Likewise even if the unlock()/lock() is between two stores.
A control dependency might originate from the load part of
the amoswap.w.aq, but there still would have to be something
to ensure that this load part in fact performs after the store
part of the amoswap.w.rl performs globally, and that's not
automatic under RCpc."
Simulation of the RISC-V memory consistency model confirmed this
expectation.
In order to "synchronize" LKMM and RISC-V's implementation, this
commit strengthens the implementations of the locking operations
by replacing .rl and .aq with the use of ("lightweigth") fences,
resp., "fence rw, w" and "fence r , rw".
C unlock-lock-read-ordering
{}
/* s initially owned by P1 */
P0(int *x, int *y)
{
WRITE_ONCE(*x, 1);
smp_wmb();
WRITE_ONCE(*y, 1);
}
P1(int *x, int *y, spinlock_t *s)
{
int r0;
int r1;
r0 = READ_ONCE(*y);
spin_unlock(s);
spin_lock(s);
r1 = READ_ONCE(*x);
}
exists (1:r0=1 /\ 1:r1=0)
[1] https://marc.info/?l=linux-kernel&m=151930201102853&w=2
https://groups.google.com/a/groups.riscv.org/forum/#!topic/isa-dev/hKywNHBkAXM
https://marc.info/?l=linux-kernel&m=151633436614259&w=2
Signed-off-by: Andrea Parri <parri.andrea at gmail.com>
Cc: Palmer Dabbelt <palmer at sifive.com>
Cc: Albert Ou <albert at sifive.com>
Cc: Daniel Lustig <dlustig at nvidia.com>
Cc: Alan Stern <stern at rowland.harvard.edu>
Cc: Will Deacon <will.deacon at arm.com>
Cc: Peter Zijlstra <peterz at infradead.org>
Cc: Boqun Feng <boqun.feng at gmail.com>
Cc: Nicholas Piggin <npiggin at gmail.com>
Cc: David Howells <dhowells at redhat.com>
Cc: Jade Alglave <j.alglave at ucl.ac.uk>
Cc: Luc Maranget <luc.maranget at inria.fr>
Cc: "Paul E. McKenney" <paulmck at linux.vnet.ibm.com>
Cc: Akira Yokosawa <akiyks at gmail.com>
Cc: Ingo Molnar <mingo at kernel.org>
Cc: Linus Torvalds <torvalds at linux-foundation.org>
Cc: linux-riscv at lists.infradead.org
Cc: linux-kernel at vger.kernel.org
Signed-off-by: Palmer Dabbelt <palmer at sifive.com>
Signed-off-by: Sasha Levin <alexander.levin at microsoft.com>
Signed-off-by: Greg Kroah-Hartman <gregkh at linuxfoundation.org>
---
arch/riscv/include/asm/fence.h | 12 ++++++++++++
arch/riscv/include/asm/spinlock.h | 29 +++++++++++++++--------------
2 files changed, 27 insertions(+), 14 deletions(-)
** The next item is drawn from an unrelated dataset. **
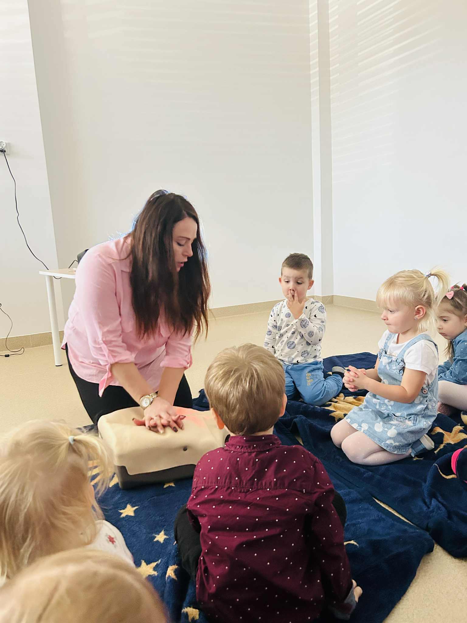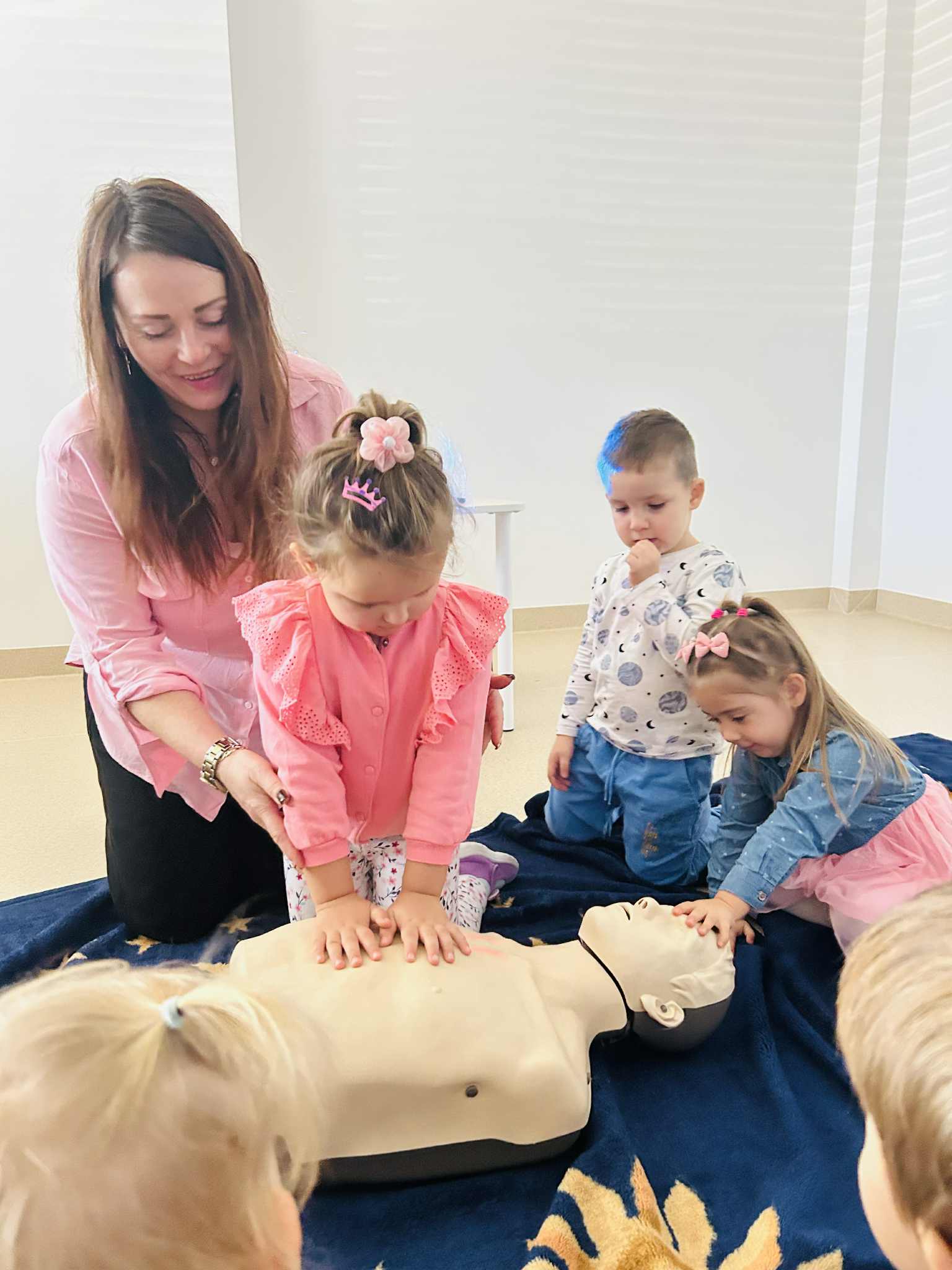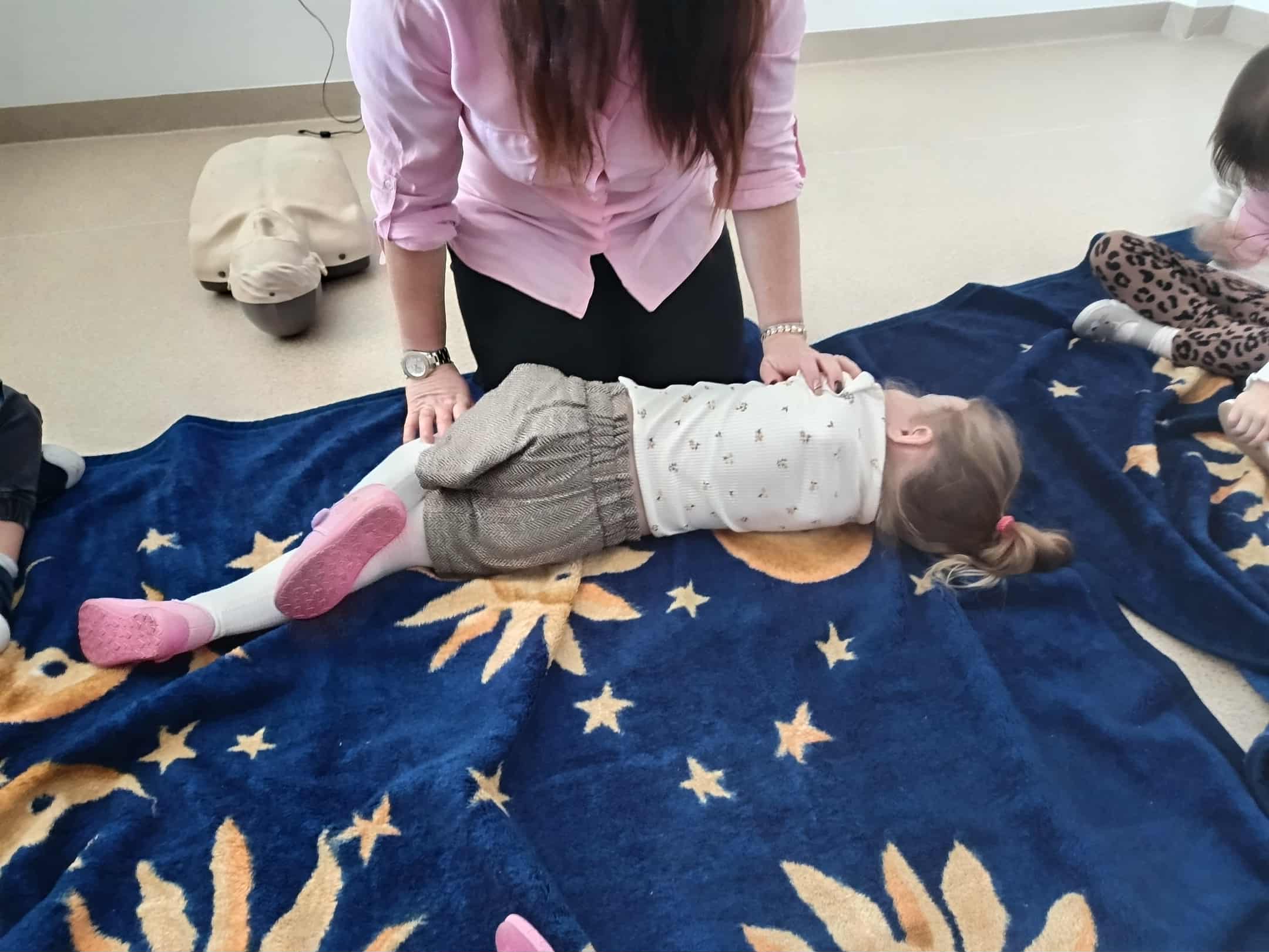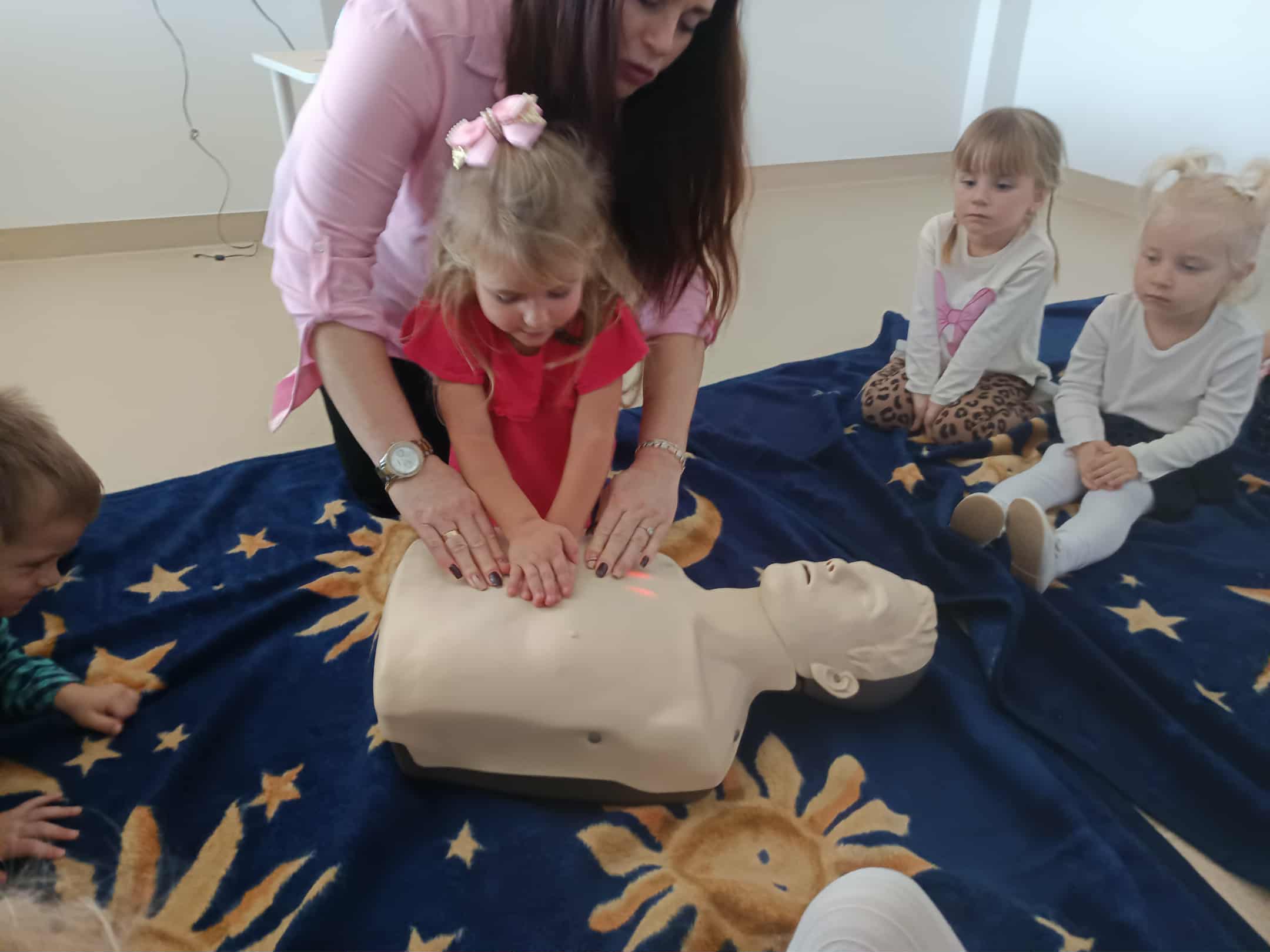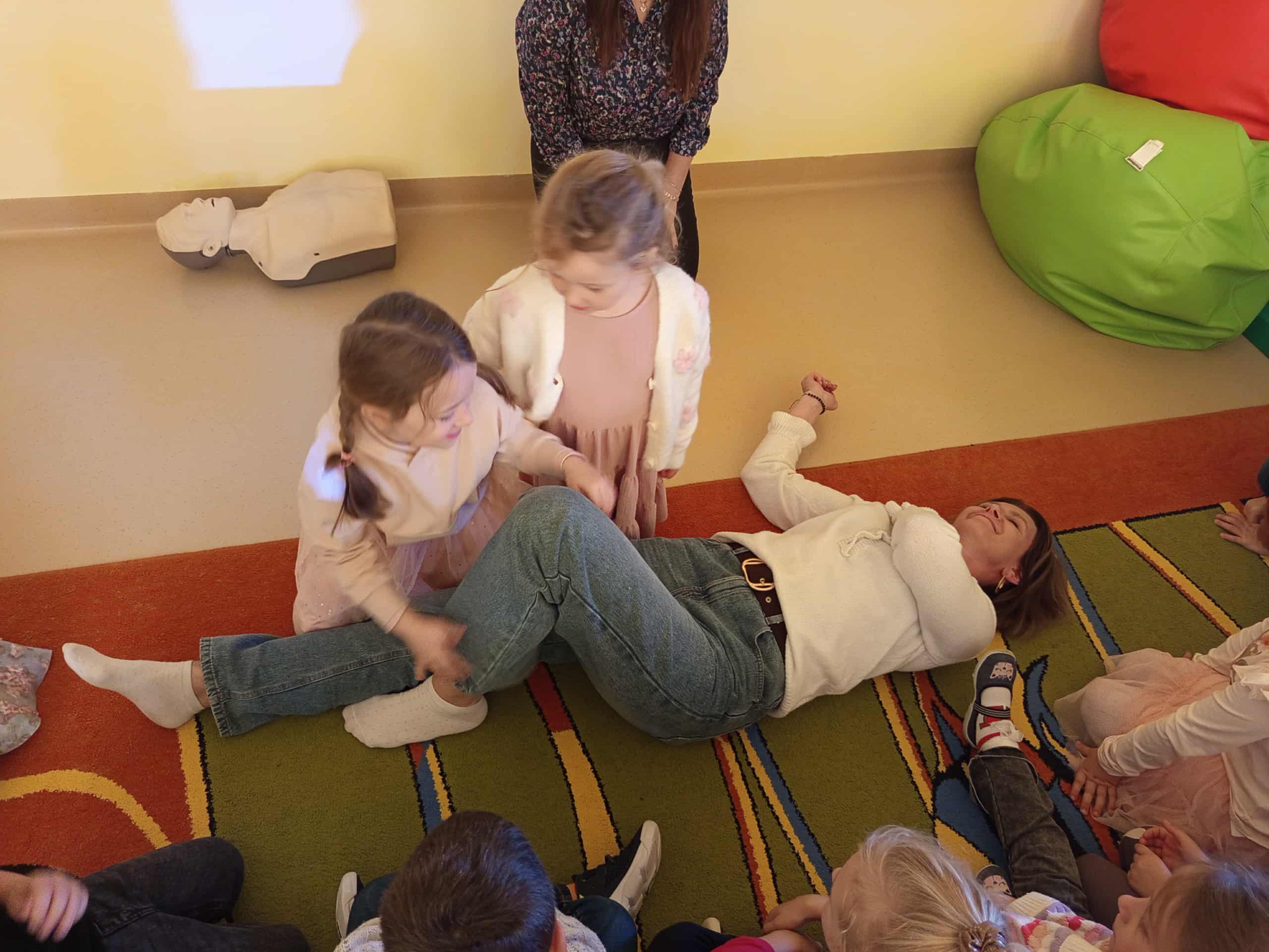 W dniach 30-31.10.2025 r. dzieci ze wszystkich grup wiekowych uczestniczyły w warsztatach z zakresu umiejętności udzielania pierwszej pomocy przedmedycznej. Poznawały ważne numery alarmowe, zasady wykonania resuscytacji czy pozycji bocznej ustalonej.

create mode 100644 arch/riscv/include/asm/fence.h
--- /dev/null
+++ b/arch/riscv/include/asm/fence.h
@@ -0,0 +1,12 @@
+#ifndef _ASM_RISCV_FENCE_H
+#define _ASM_RISCV_FENCE_H
+
+#ifdef CONFIG_SMP
+#define RISCV_ACQUIRE_BARRIER "\tfence r , rw\n"
+#define RISCV_RELEASE_BARRIER "\tfence rw, w\n"
+#else
+#define RISCV_ACQUIRE_BARRIER
+#define RISCV_RELEASE_BARRIER
+#endif
+
+#endif /* _ASM_RISCV_FENCE_H */
--- a/arch/riscv/include/asm/spinlock.h
+++ b/arch/riscv/include/asm/spinlock.h
@@ -17,6 +17,7 @@
#include <linux/kernel.h>
#include <asm/current.h>
+#include <asm/fence.h>
/*
* Simple spin lock operations. These provide no fairness guarantees.
@@ -28,10 +29,7 @@
static inline void arch_spin_unlock(arch_spinlock_t *lock)
{
- __asm__ __volatile__ (
- "amoswap.w.rl x0, x0, %0"
- : "=A" (lock->lock)
- :: "memory");
+ smp_store_release(&lock->lock, 0);
}
static inline int arch_spin_trylock(arch_spinlock_t *lock)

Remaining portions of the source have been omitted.